Träge Kunden, die bei ihrem Versicherer bleiben, werden auch in diesem Jahr voraussichtlich eine Beitragserhöhung hinnehmen müssen. Bereits in den vergangenen Jahren hatten die Anbieter die Preise angehoben. Das spiegelt sich in den steigenden durchschnittlichen Jahresprämien wider. Bereits in den vergangenen Jahren waren die Prämieneinnahmen der Versicherer stark gestiegen. So lag das Plus 2013 gegenüber dem Vorjahr in der Haftpflicht bei 4,3 Prozent und bei der Vollkasko sogar bei knapp sechs Prozent. Auch 2011 und 2012 gab laut Daten des Gesamtverbands der deutschen Versicherungswirtschaft (GdV) in Berlin starke Zuwächse.

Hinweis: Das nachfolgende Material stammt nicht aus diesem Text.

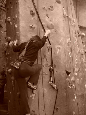This is L climbing the tower at Virg. I was screwing around with the sepia option onthe camera. Even with digital cameras, monotone images seem to even out the light just perfectly in bad lighting situations and make for a pictures that shows what you want it to show and subdues the rest…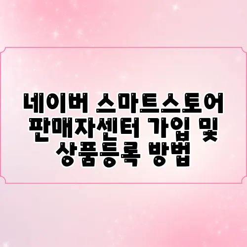 네이버 스마트스토어 판매자센터에 어떻게 가입하나요?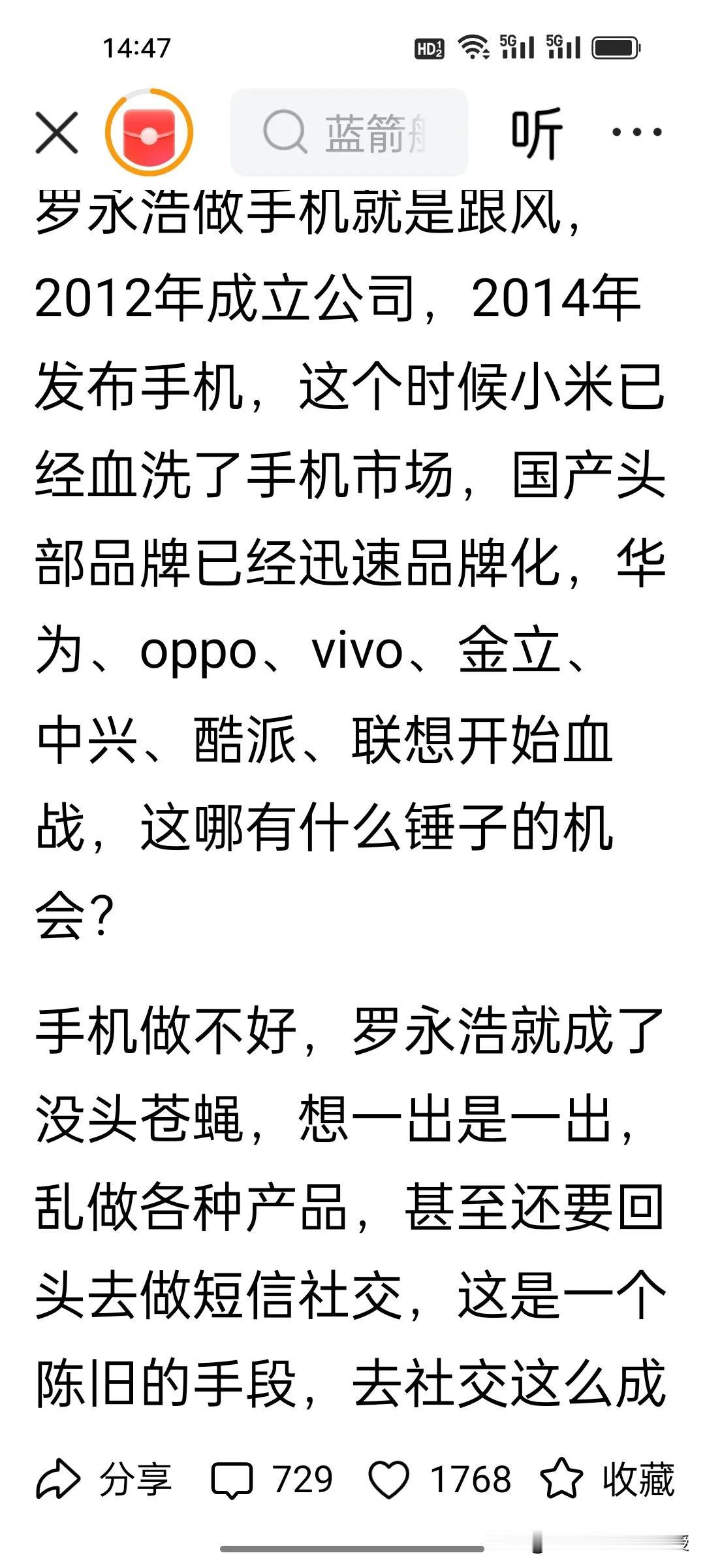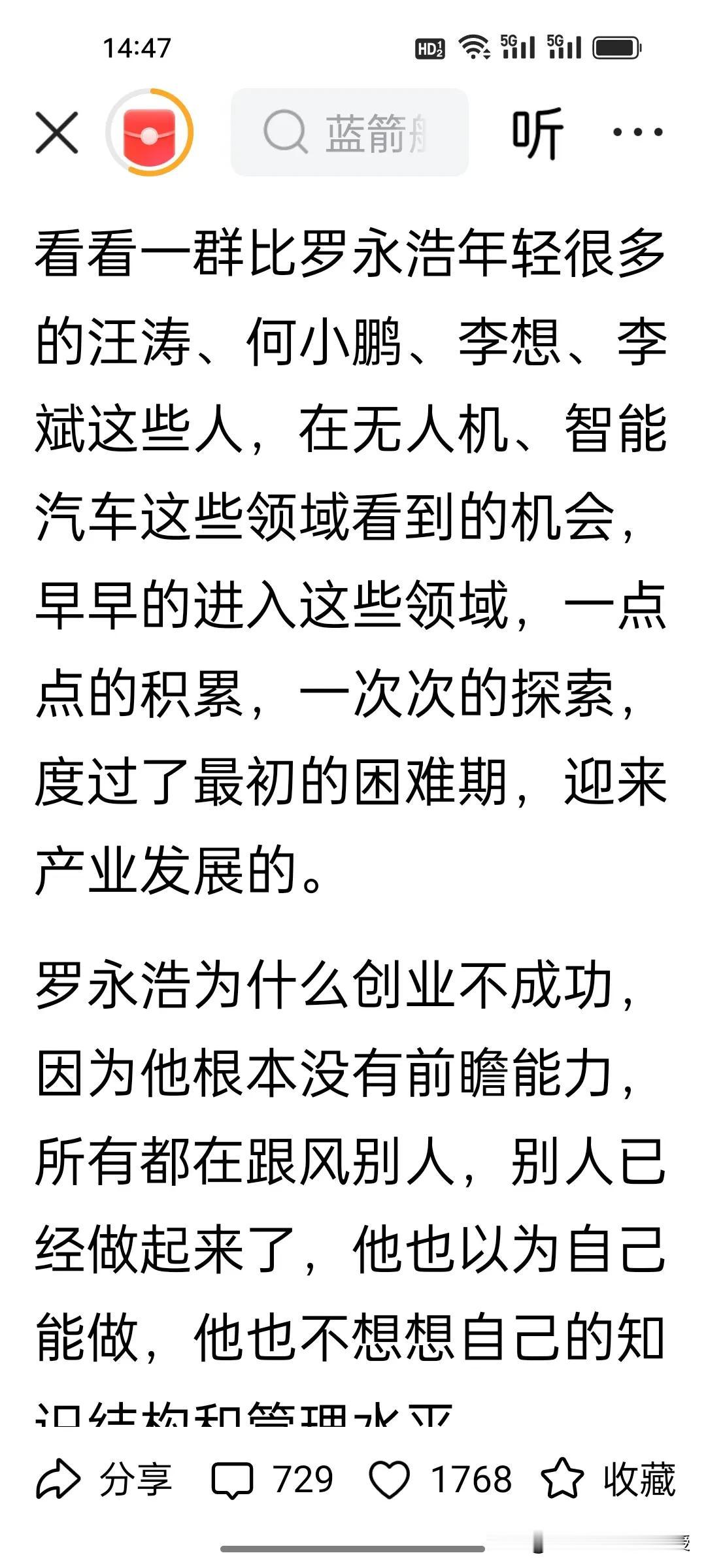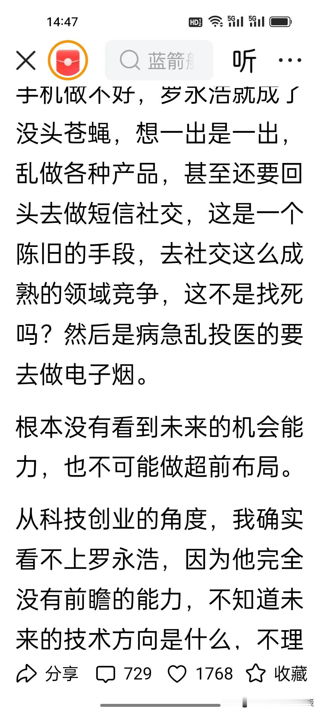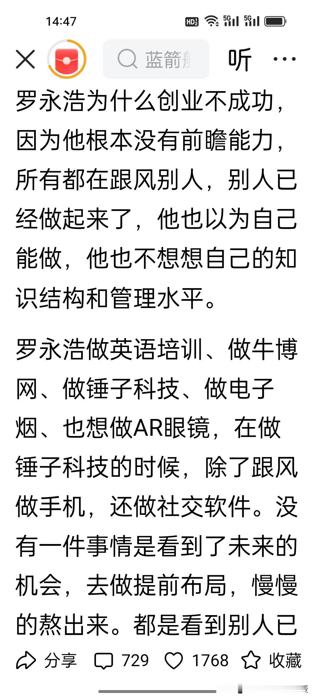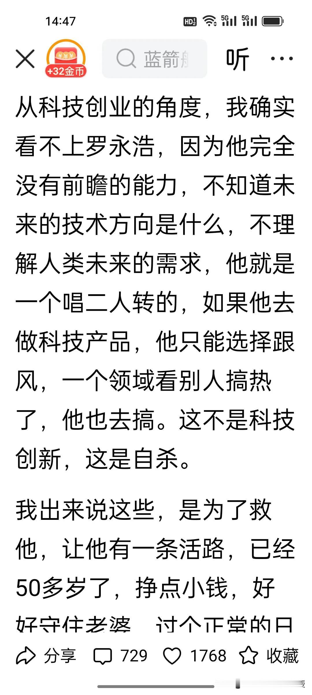 罗永浩这次真的踢到钢板了,项立刚连发4篇长文!毫不留情地分析了罗永浩的前半生,其创业失败三大硬伤被撕穿! 谁都想不到,项立刚与罗永浩从宽带骂战已经升级成创业复盘!项立刚《罗永浩创业为什么不成功(4)》火力拉满,深挖其前半生创业史,直指三大失败核心:缺前瞻性布局眼光、少技术积累、跟风做手机。 从锤子手机折戟到多次创业碰壁,项立刚字字戳痛点,这场争论早已不是单纯吵架,而是有理有据地直击罗永浩创业根基的深度剖析。罗永浩这次是真踢到钢板了,向来敢刚的他,会像回击西贝,华与华那样正面回击项立刚还是沉默应对?让我们拭目以待。

Allerdings hatten die Versicherer in den sechs Jahren zuvor starke Einbussen hinnehmen müssen, aufgrund des intensiven Wettbewerbs, die dem Kunden, die bereit waren zu wechseln, zugute kamen. Den Markt für Autoversicherungen dominieren die Allianz und die HUK mit knapp 30 Prozent. Insgesamt gibt es in Deutschland laut der Bonner Finanzdienstleistungsaufsicht Bafin knapp 60 Millionen Kfz-Versicherungsverträge.